« Cette union des contraires trouve son sens le plus éloquent à travers la symbolique de l’indigo. A la fois sombre et luisant, il est le parfait oxymore, traduisant la dynamique de l’éphémère inopiné et l’infini immuable. » (Assas, 2015)
Chez les Yorubas, un peuple nomade du désert, les couleurs sont imprégnées de significations ; trois chromatiques prédominent : Funfun (représentant sagesse et vieillesse), Pupa (chaleur et agressivité) et Dudu. Cette dernière nuance est associée au froid et à la clairvoyance ; son meilleur exemple est la couleur indigo. L’indigo se retrouve aussi dans la culture touarègue. En effet, le terme « hommes bleus », qui fait la renommée des Touaregs, provient d’un élément central de leur culture singulière : la couleur indigo du méhari et de l’imzad, leurs habits traditionnels, qui, portés souvent, peut colorer jusqu’à la peau. Cependant, la plante nécessaire à la production de ce pigment est beaucoup moins connue malgré son importance : l’indigotier.

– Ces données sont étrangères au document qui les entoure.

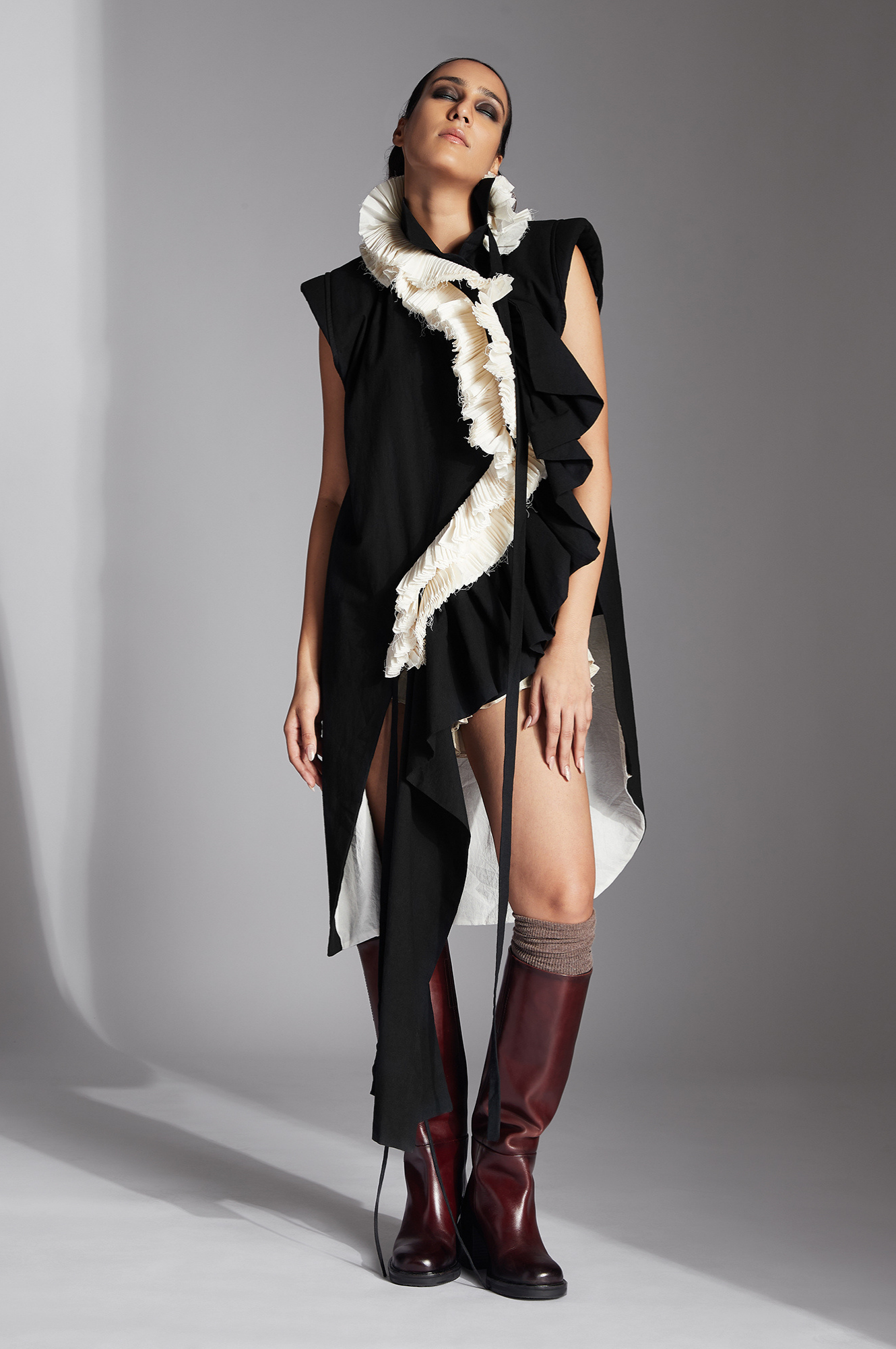 Kathy jacket exhibits a sleevesless wrap around jacket style with a curve placket featuring contrasting pleated frills on the front, collar and shoulder pad detail.

C’est un arbuste tropical dont la fermentation ou l’ébullition des feuilles et des tiges permet l’extraction de l’indigo. Il s’agit d’une des plus anciennes plantes domestiquées par l’humanité pour ses propriétés colorantes. Sa culture remonte à plus de 4000 ans en Inde, au Proche-Orient et en Égypte. Avec à la forte demande en pigment des manufactures textiles, son exploitation fut diffusée à travers toutes les régions tropicales au cours de la révolution industrielle et de la colonisation. Cependant, il serait réducteur de percevoir l’indigo uniquement comme une teinture textile. En effet, ses utilisations, comme nous le verrons, sont multiples. Il s’agira de faire apparaître ce paradoxe de l’indigo, substance naturelle pourtant source de pratiques culturelles.
Nous nous intéresserons aux usages traditionnels de l’indigo en examinant les biais par lesquels la couleur indigo est produite et transformée ainsi qu’aux supports sur lesquels elle se fixe. Ces différents supports sont, la plupart du temps, l’expression de diverses pratiques culturelles ; nous nous concentrerons sur certaines d’entre elles. Il s’agira ainsi d’analyser les pratiques des peuples nomades du Sahel, dont l’indigo est un important marqueur culturel, et ainsi d’étudier la symbolique à laquelle l’indigo renvoie dans ces différentes cultures, c’est-à-dire la manière dont il est perçu par les populations concernées. Comment, à travers l’indigo, dans un contexte d’uniformisation culturelle, les peuples du Sahel parviennent-ils à maintenir chacun une identité singulière ? Autrement dit, comment l’indigo, substance naturelle, est-il devenu un produit culturel singulier, incarnation d’une résistance face à l’uniformisation culturelle ? Nous essaierons de répondre à ces questionnements en examinant les techniques associées aux plantes, techniques d’appropriation de la nature mais aussi sources de sa compréhension. Nous étudierons la place de ces pratiques dans la culture de certains peuples d’Afrique Occidentale. Enfin, il sera temps de nous pencher sur les symboliques de l’indigo, en péril face à l’uniformisation culturelle.